EXERCISE DETAILS: Could you repeat exactly the lines below, from the line containing "This cat looks" through the last one, both included, while leaving out any pictures?

DATA FOR PROCESSING:
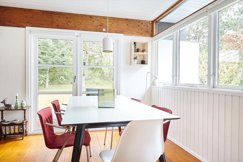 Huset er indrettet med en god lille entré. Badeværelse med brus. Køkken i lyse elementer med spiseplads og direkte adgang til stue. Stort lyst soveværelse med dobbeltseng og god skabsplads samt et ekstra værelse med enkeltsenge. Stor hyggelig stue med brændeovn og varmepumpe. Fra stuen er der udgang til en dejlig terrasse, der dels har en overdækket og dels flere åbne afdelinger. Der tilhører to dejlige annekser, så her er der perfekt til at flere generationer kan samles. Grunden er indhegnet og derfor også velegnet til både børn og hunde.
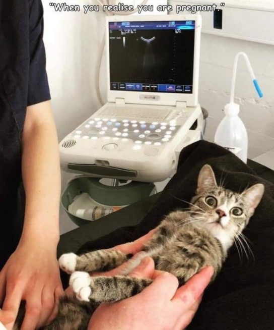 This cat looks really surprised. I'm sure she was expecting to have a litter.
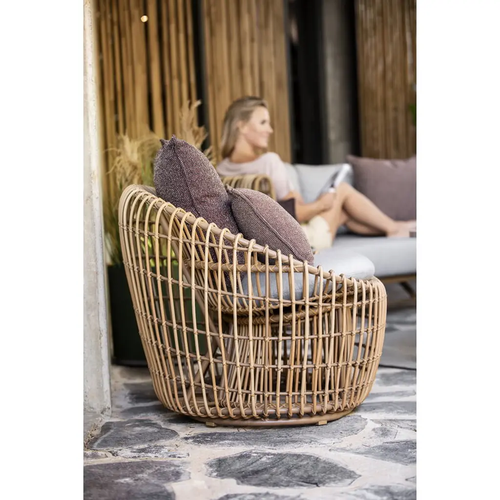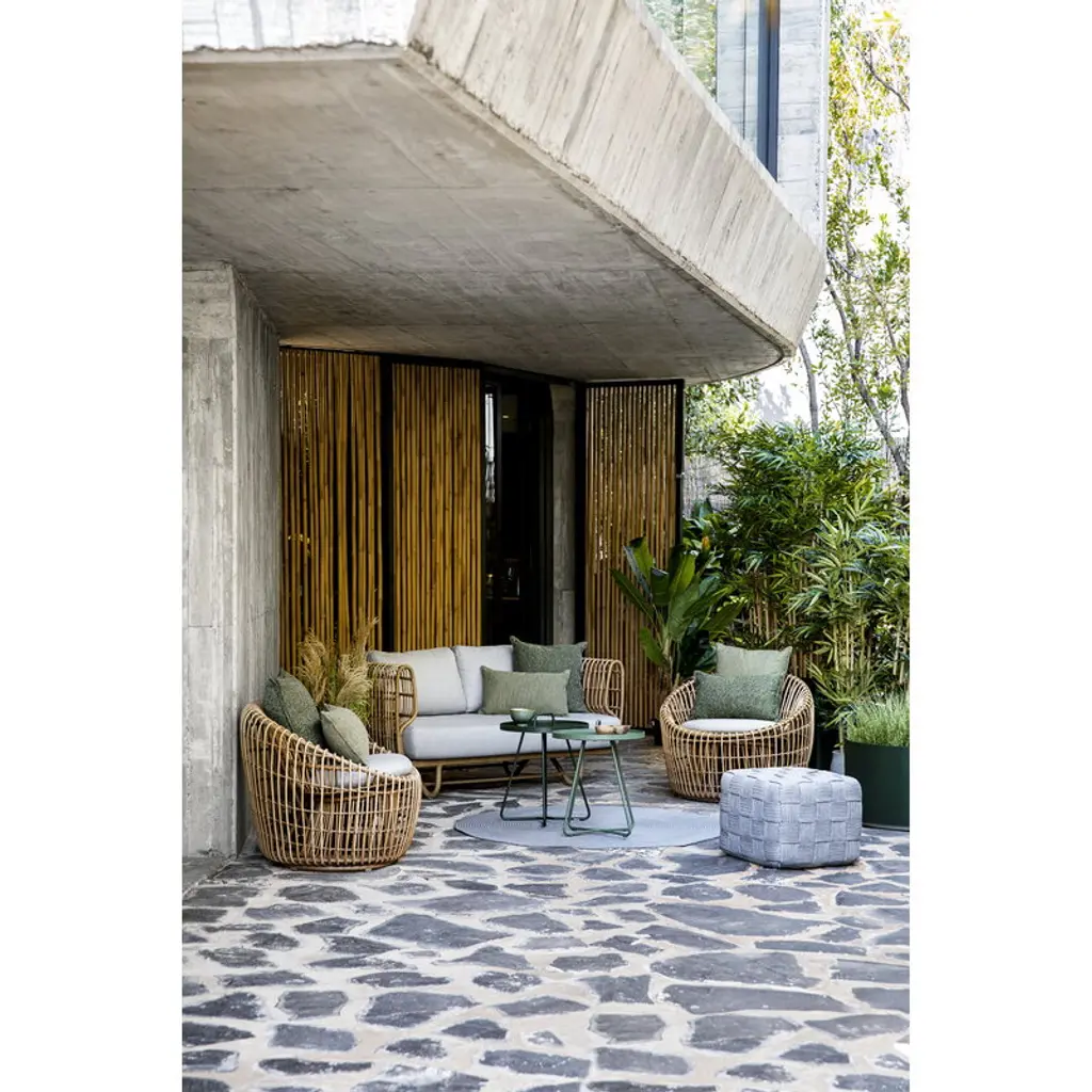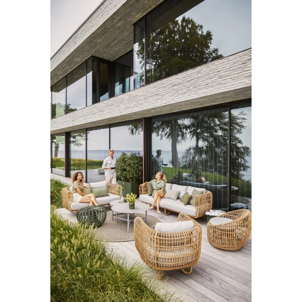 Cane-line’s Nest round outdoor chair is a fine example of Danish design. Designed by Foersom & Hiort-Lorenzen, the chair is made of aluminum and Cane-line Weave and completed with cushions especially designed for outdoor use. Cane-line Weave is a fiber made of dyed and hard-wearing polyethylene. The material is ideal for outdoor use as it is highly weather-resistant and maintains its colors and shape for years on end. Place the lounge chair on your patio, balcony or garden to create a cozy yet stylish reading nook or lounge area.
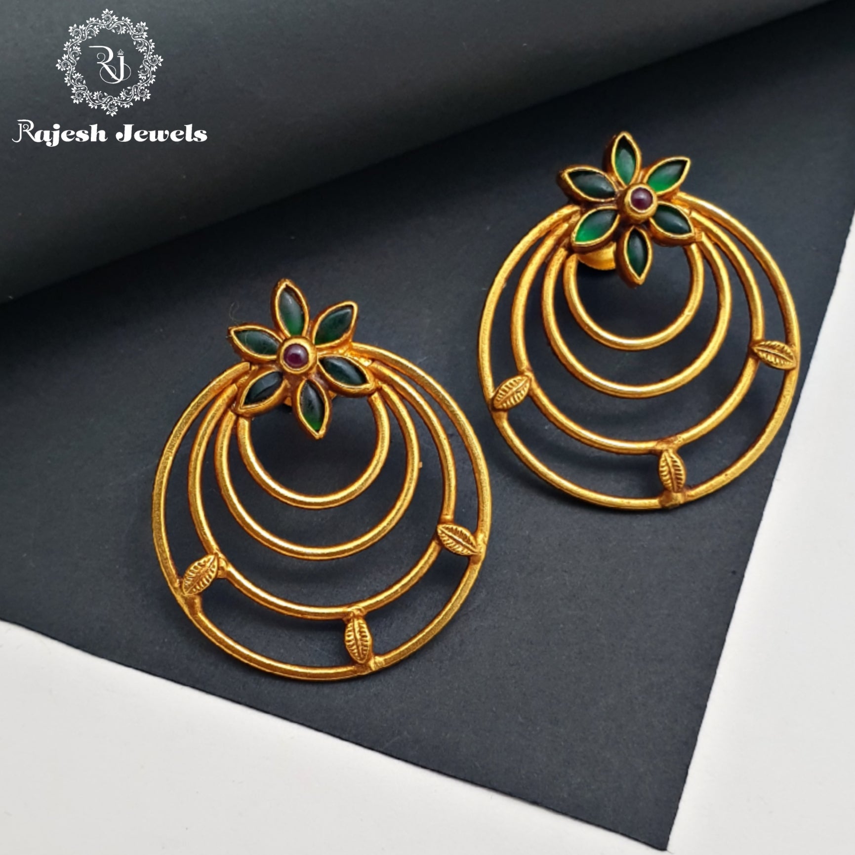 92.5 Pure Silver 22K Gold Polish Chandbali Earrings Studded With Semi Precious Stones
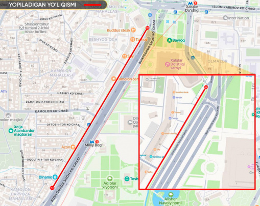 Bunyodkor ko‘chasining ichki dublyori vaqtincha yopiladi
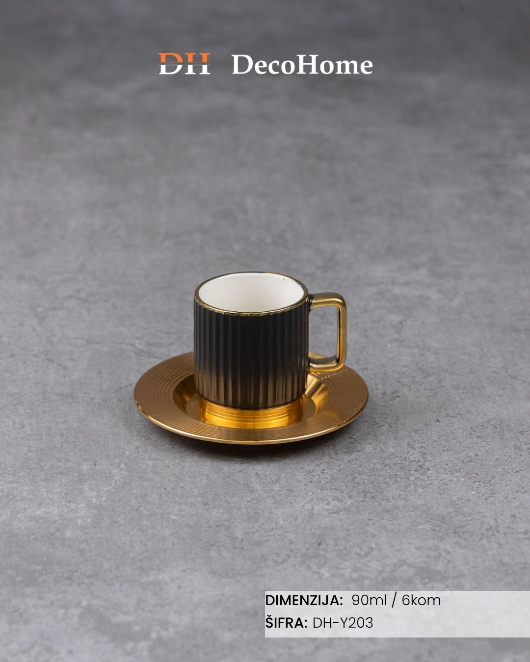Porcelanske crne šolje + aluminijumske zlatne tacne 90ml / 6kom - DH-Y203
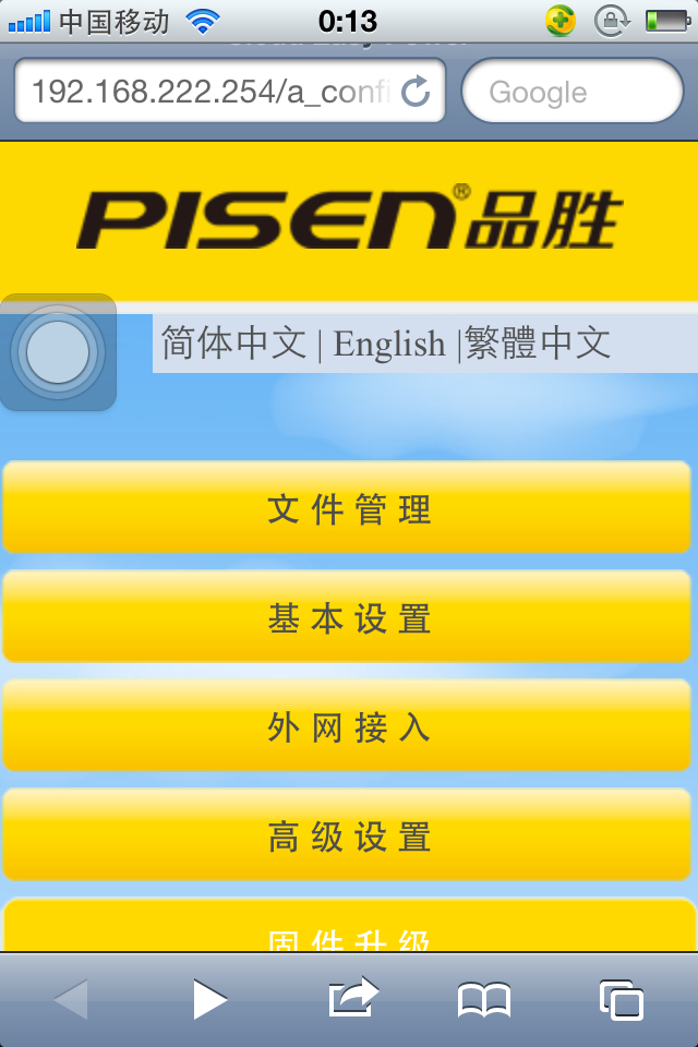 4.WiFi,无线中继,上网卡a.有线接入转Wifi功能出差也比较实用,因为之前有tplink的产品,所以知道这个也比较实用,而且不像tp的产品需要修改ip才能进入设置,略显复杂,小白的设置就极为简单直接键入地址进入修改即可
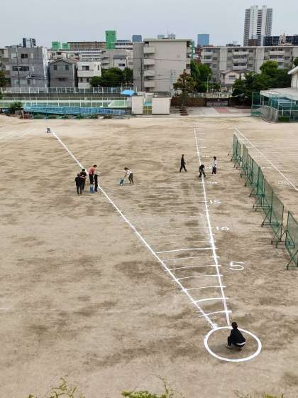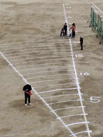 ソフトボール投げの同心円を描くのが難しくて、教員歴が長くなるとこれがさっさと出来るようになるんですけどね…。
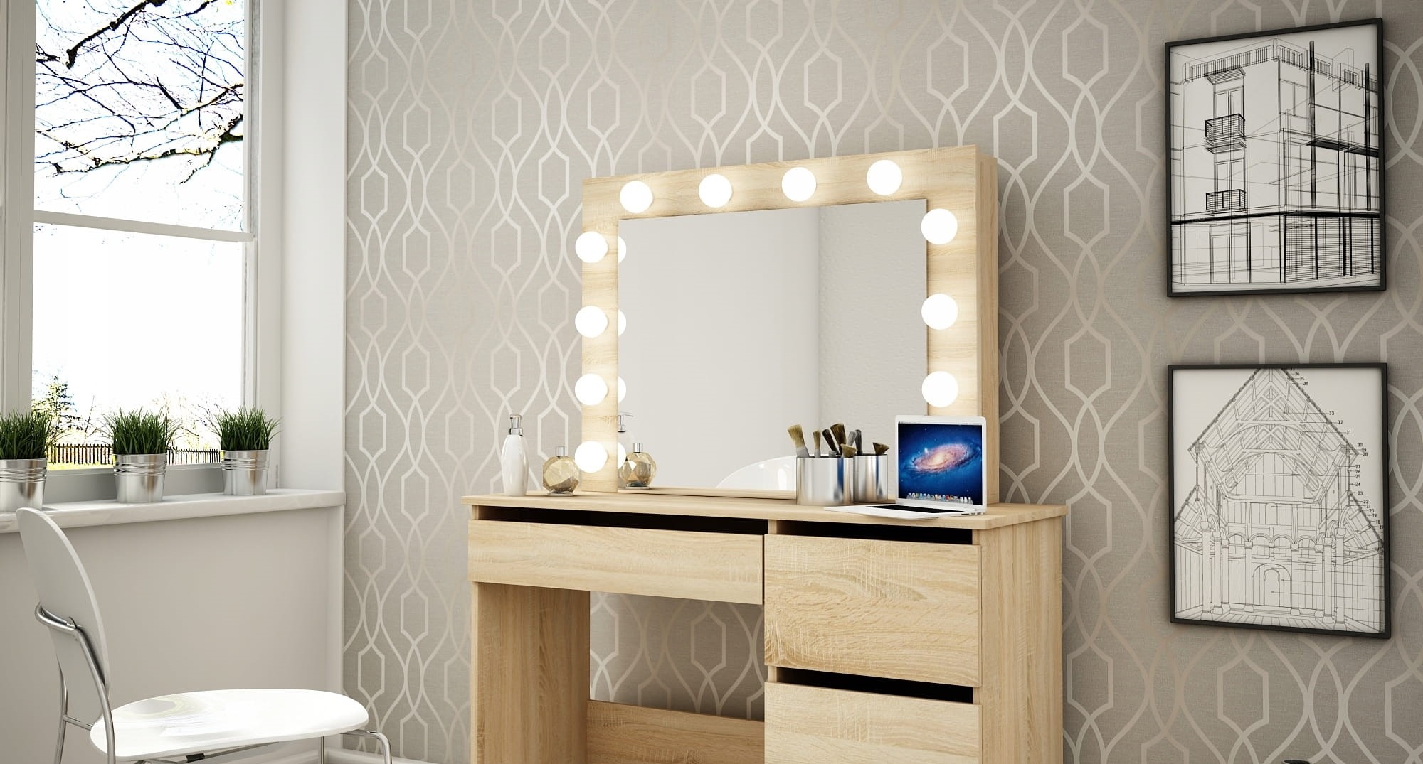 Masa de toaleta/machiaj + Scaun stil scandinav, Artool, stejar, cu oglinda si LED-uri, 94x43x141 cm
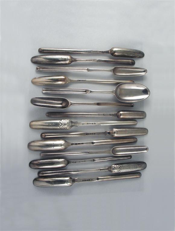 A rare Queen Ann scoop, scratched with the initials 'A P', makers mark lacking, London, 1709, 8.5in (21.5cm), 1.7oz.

OUTPUT FOR THIS EXERCISE:
 This cat looks really surprised. I'm sure she was expecting to have a litter.
 Cane-line’s Nest round outdoor chair is a fine example of Danish design. Designed by Foersom & Hiort-Lorenzen, the chair is made of aluminum and Cane-line Weave and completed with cushions especially designed for outdoor use. Cane-line Weave is a fiber made of dyed and hard-wearing polyethylene. The material is ideal for outdoor use as it is highly weather-resistant and maintains its colors and shape for years on end. Place the lounge chair on your patio, balcony or garden to create a cozy yet stylish reading nook or lounge area.
 92.5 Pure Silver 22K Gold Polish Chandbali Earrings Studded With Semi Precious Stones
 Bunyodkor ko‘chasining ichki dublyori vaqtincha yopiladi
Porcelanske crne šolje + aluminijumske zlatne tacne 90ml / 6kom - DH-Y203
 4.WiFi,无线中继,上网卡a.有线接入转Wifi功能出差也比较实用,因为之前有tplink的产品,所以知道这个也比较实用,而且不像tp的产品需要修改ip才能进入设置,略显复杂,小白的设置就极为简单直接键入地址进入修改即可
 ソフトボール投げの同心円を描くのが難しくて、教員歴が長くなるとこれがさっさと出来るようになるんですけどね…。
 Masa de toaleta/machiaj + Scaun stil scandinav, Artool, stejar, cu oglinda si LED-uri, 94x43x141 cm
 A rare Queen Ann scoop, scratched with the initials 'A P', makers mark lacking, London, 1709, 8.5in (21.5cm), 1.7oz.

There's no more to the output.